Aku melihat Kinara saat ini tengah meremas jemari-jemari tangannya. Mungkin dia bingung saat ini.
“Gimana kalau aku bantu pilih. Aku akan pilihkan yang cocok dengan style kamu,” tawarku.
Kinara mengangguk ragu. Tapi dia juga tidak ada pilihan lain.
“Kalian pilih-pilih aja dulu. Mama mau cari yang lain,” ucap Mama ku dan langsung meninggalkan aku dan Kinara.
“Ayo,” ajak ku, dan tanpa aku sadari aku menarik tangan Kinara.
Kinara menatap tanganku yang telah lancang menggenggam tangannya. Seketika aku langsung melepaskan genggaman tanganku.
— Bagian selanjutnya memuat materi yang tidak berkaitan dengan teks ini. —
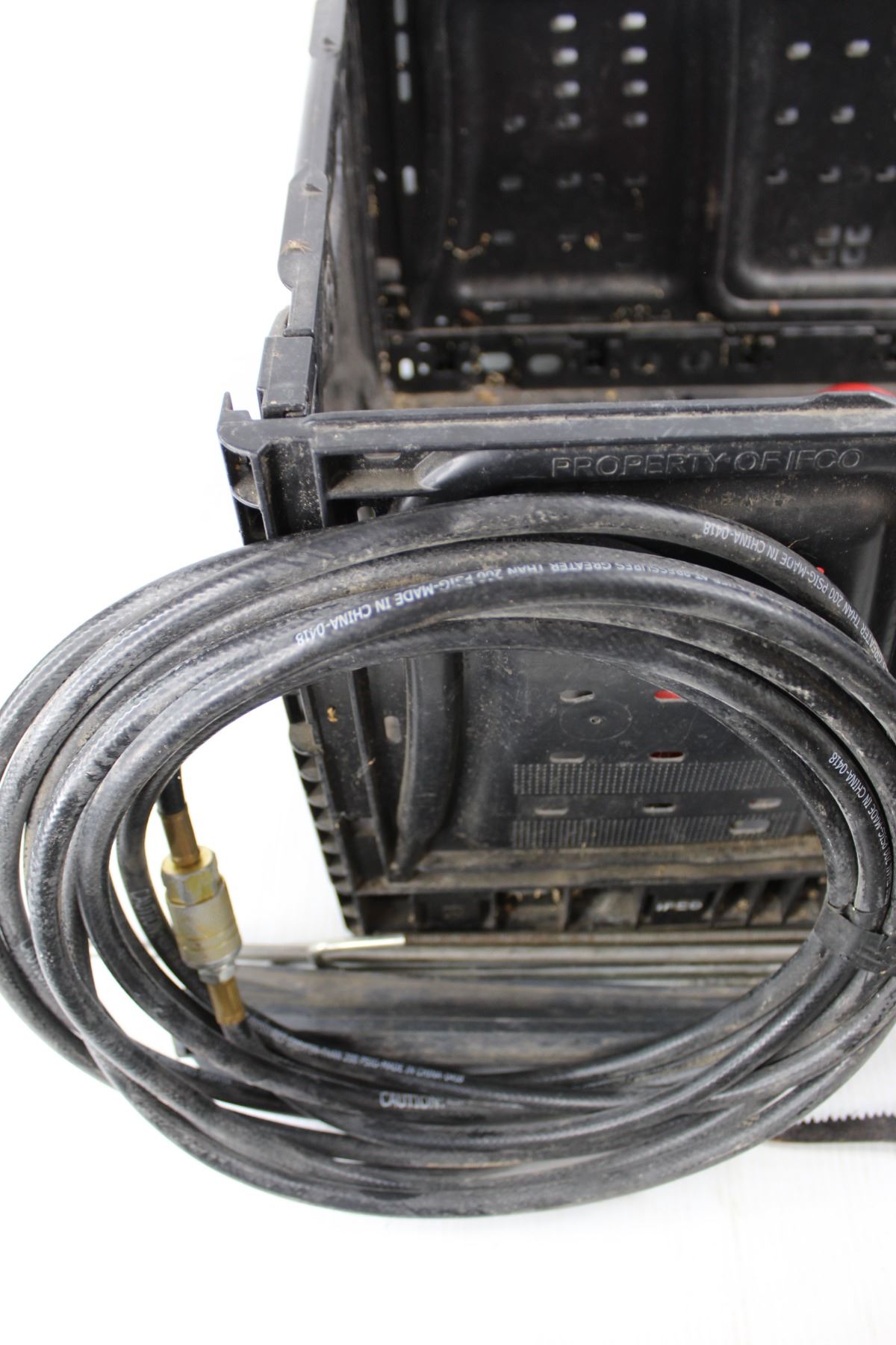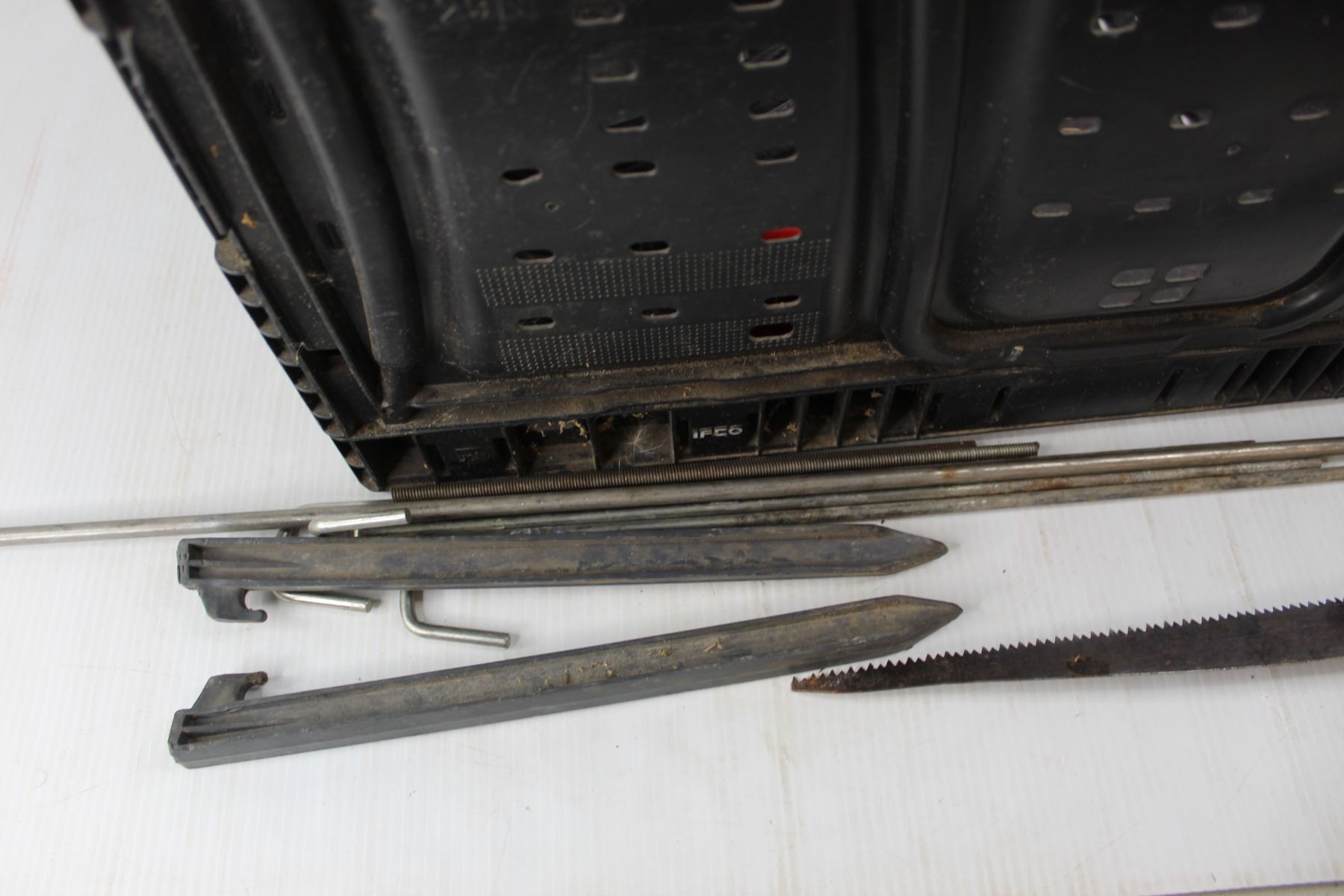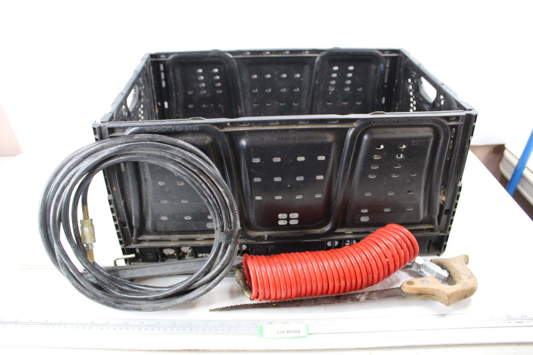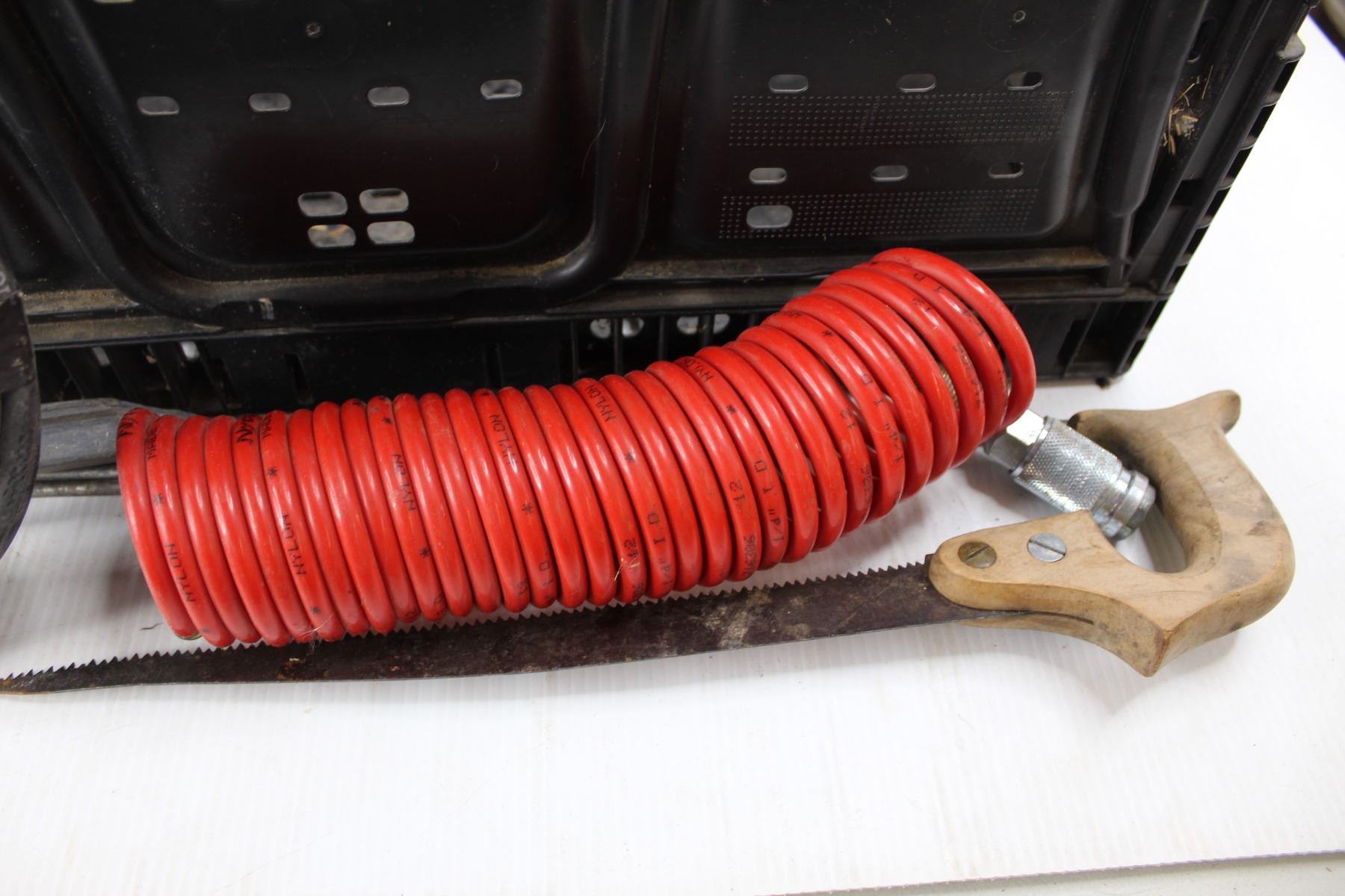 Lot Of Various Hardware Items, Plastic Tote, Air Compressor Hose, Metal Marking Spikes

“Maaf, aku gak sengaja,” ucapku merasa bersalah.
Kinara hanya menganggukkan kepalanya dengan senyuman tipis di kedua sudut bibirnya. Karena tidak mau semakin canggung, aku mengajak Kinara menuju manekin yang sudah di pajang berbagai macam gaun pengantin.
Ada satu yang menarik hatiku. Gaun itu tidak terlalu seksi, tapi mungkin akan terlihat sangat indah dan cantik saat Kinara yang memakainya.
“Apa kamu suka? Kalau kamu suka, kamu boleh mencobanya. Nanti kita minta sama pelayan untuk sedikit merubah ukurannya kalau kamu gak suka. Tapi, aku rasa itu sudah pas di tubuh kamu,” ucapku dengan senyuman di wajahku tentunya.
Kinara menganggukkan kepalanya, dan aku meminta pelayan untuk membantu Kinara mencoba gaun pengantin itu.
Aku menghampiri Mama yang sudah membeli apa yang ingin Mama beli, dan mengajaknya menuju tempat tunggu, sambil menunggu Kinara mencoba gaun pengantin itu.
Setelah 15 menit menunggu, Kinara keluar dari ruang ganti itu. Kedua mataku membulat dengan sempurna.
Cantik banget.
Mama menepuk bahuku. “Cantiknya mantu Mama,” ucapnya padaku dengan senyuman di wajah Mamaku.
Aku hanya tersenyum, dan kembali menatap Kinara yang saat ini tengah memakai gaun pengantin pilihanku.
Setelah dari butik itu, ternyata Mama pulang lebih dulu karena ada janji dengan sahabatnya. Akhirnya hanya aku dan Kinara yang pergi untuk mencari cincin pernikahan kami.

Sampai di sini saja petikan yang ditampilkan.